An additional experiment was performed using the Xception architecture and only the Drishti-GS1 database. In order to do a fair comparison with the method published in [24], the images in this database were randomly divided into training, validation and test as it was done in their work: 70% for training, 30% for test and 30% of the training images were selected for the validation set. For this experiment, the batch size was decreased to 1 and the learning rate to \(1e^{-3}\) because of the small number of images in the Drishti-GS1 database (101 images in total). With this configuration, an AUC of 0.8261 with a 95% confidence interval of 59.71–95.20% was obtained. Additionally, we used the bootstrapping technique and the trained model to obtain 1000 AUC values and check its distribution (see Fig. 11).

Fig. 11
figure 11

Distribution of the AUC values for the Drishti-GS1 database. Histogram of the 1000 AUC values obtained from the bootstrapping technique evaluating the Xception architecture trained and tested on the Drishti-GS1 database

The previous experiments, the analysis of those CNNs and the obtained results prove to be an important advance to the glaucoma classification task using fundus images.

Computation time

We used the Keras library and a Titan Xp GPU for this work. We measured the time consumed for each model with the configuration previously described (regularization technique, number of fine-tuned layers, number of images for training, batch size, etc). The average time to fine-tune is 1 h and 40 min for the VGG16, 1 h and 55 min for the VGG19, 1 h and 45 min for the InceptionV3, 1 h and 15 min for the ResNet50 and 2 h and 40 min for the Xception architecture. The time for each architecture was obtained by averaging the time consumed for each fold during the fine-tuning stage. Once the models were fine-tuned, 46 ms are needed to assign a glaucoma probability for each retinal image.

Conclusion

In this work, five different ImageNet-trained CNN architectures (VGG16, VGG19, InceptionV3, ResNet50 and Xception) were analysed and used as glaucoma classifiers. Using only publicly available databases, the Xception architecture shows the best performance for glaucoma classification, which was evaluated as the trade-off between the AUC and the number of parameters of the CNN. Based on the 1707 images and data augmentation technique, an average AUC of 0.9605 with a 95% confidence interval of 95.92–97.07%, an average specificity of 0.8580 and an average sensitivity of 0.9346 were obtained after fine-tuned the Xception architecture, significantly improving other state-of-the-art works.

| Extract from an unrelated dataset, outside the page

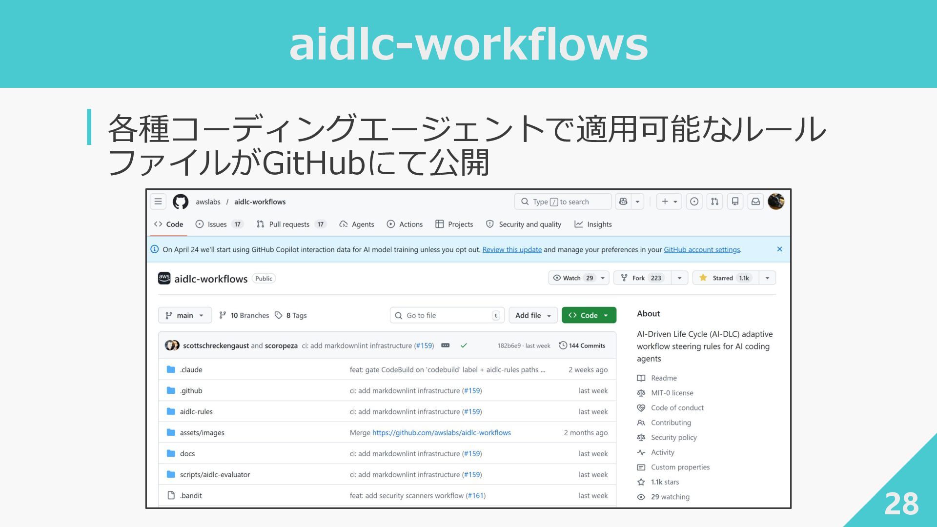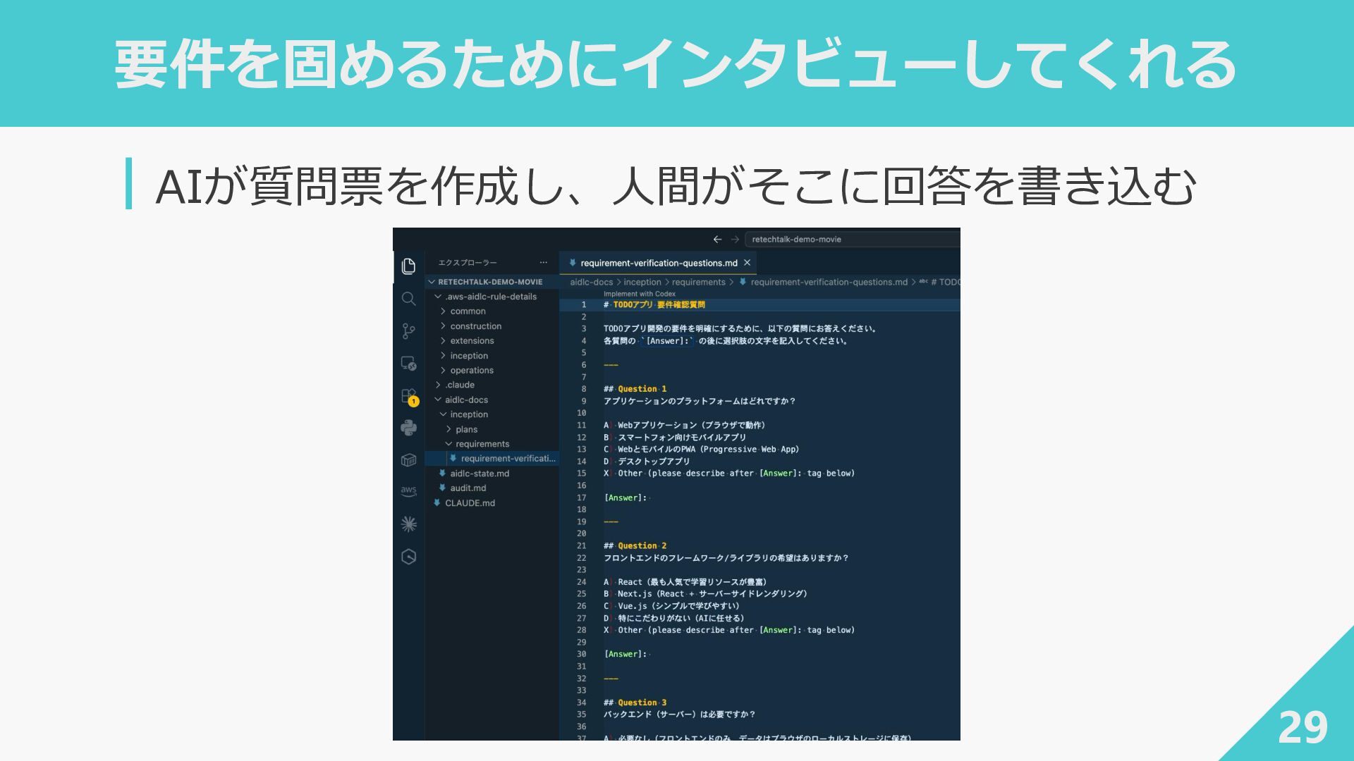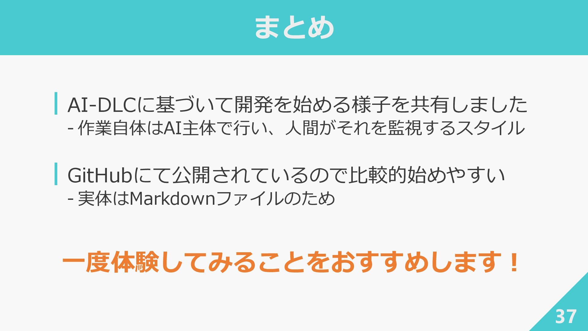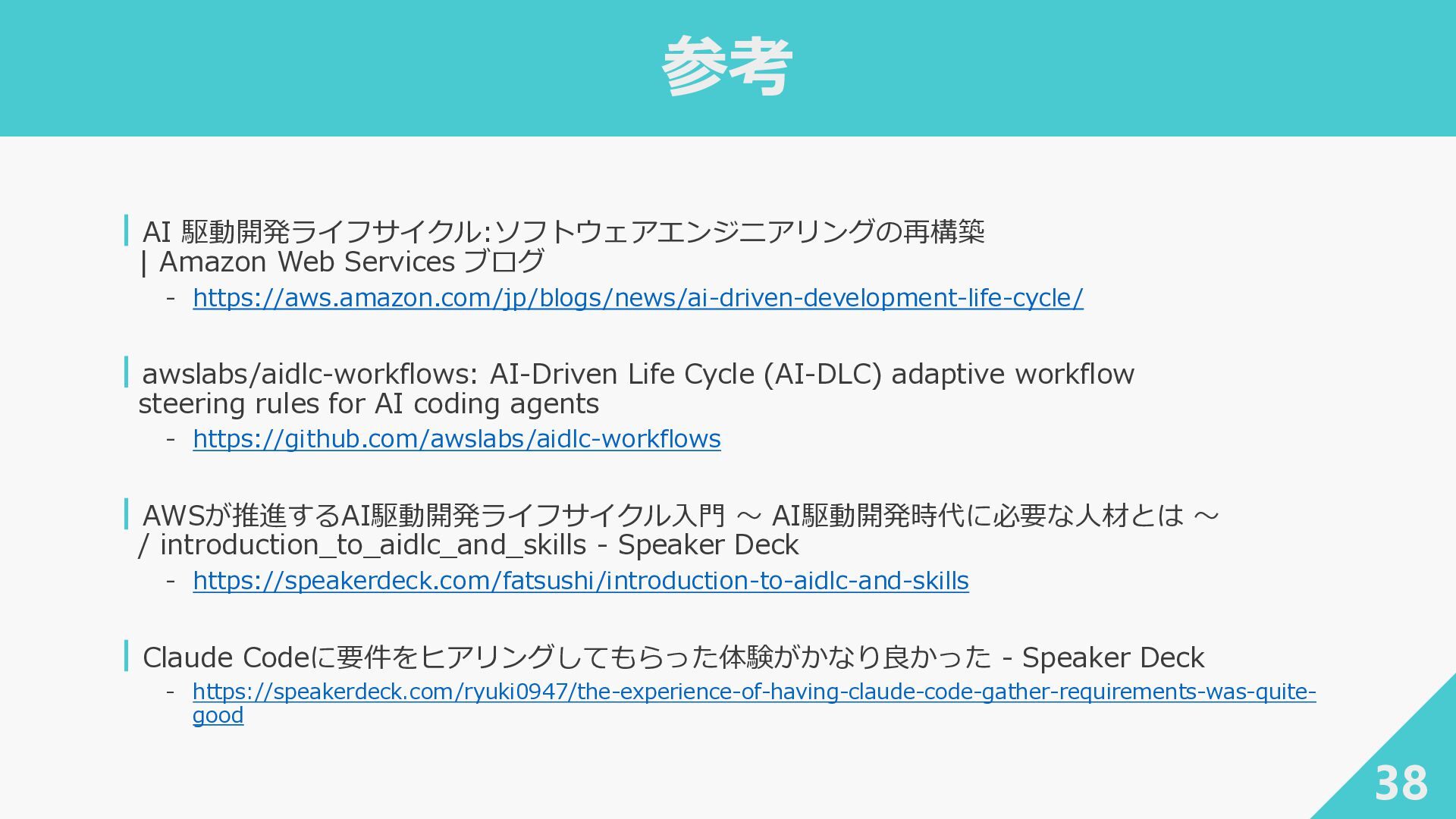 ┃awslabs/aidlc-workflows: AI-Driven Life Cycle (AI-DLC) adaptive workflow steering rules for AI coding agents ‐ https://github.com/awslabs/aidlc-workflows ┃AWSが推進するAI駆動開発ライフサイクル入門 〜 AI駆動開発時代に必要な人材とは 〜 / introduction_to_aidlc_and_skills - Speaker Deck ‐ https://speakerdeck.com/fatsushi/introduction-to-aidlc-and-skills ┃Claude Codeに要件をヒアリングしてもらった体験がかなり良かった - Speaker Deck ‐ https://speakerdeck.com/ryuki0947/the-experience-of-having-claude-code-gather-requirements-was-quite- good 38

Moreover, an additional analysis shows that the fine-tuned model has competitive performance when it is tested on images that come from a completely different database. This experiment differs to the common approach in which a subset of a database is used for training and the other subset is used for testing. Using the ACRIMA database as test set only, an AUC of 0.7678 with a 95% confidence interval of 68.41–81.81% was obtained. The same experiment was done for the other four public databases: HRF, Drishti-GS1, RIM-ONE, sjchoi86-HRF, obtaining an AUC of 0.8354, 0.8041, 0.8575 and 0.7739, respectively.

ACRIMAFootnote 2 database is composed of 396 glaucomatous images and 309 normal images and could be easily used as a testbed for further comparisons and/or analysis. The authors encourage the scientist community to test their models using the new publicly available database and compare their results with the method proposed in this paper.

As a further work, the use of synthetic images for training the CNNs could be of great interest to increase the number of training images. In this way, we could train even more robust glaucoma classifiers.

Limitations of the study

Although we used a rather big database and used data augmentation to fine-tune the CNNs, there is still a limitation when trying to generalise. As it was shown in Table 4, the performance decreased when testing the CNN on databases different from those used for training. Additionally to this problem, we found that the different labelling criteria is another issue we faced when developing automatic glaucoma assessment systems. Most of the publicly available databases differ in the way they are labelled, the information clinical experts used to assess images and the quality of the fundus images.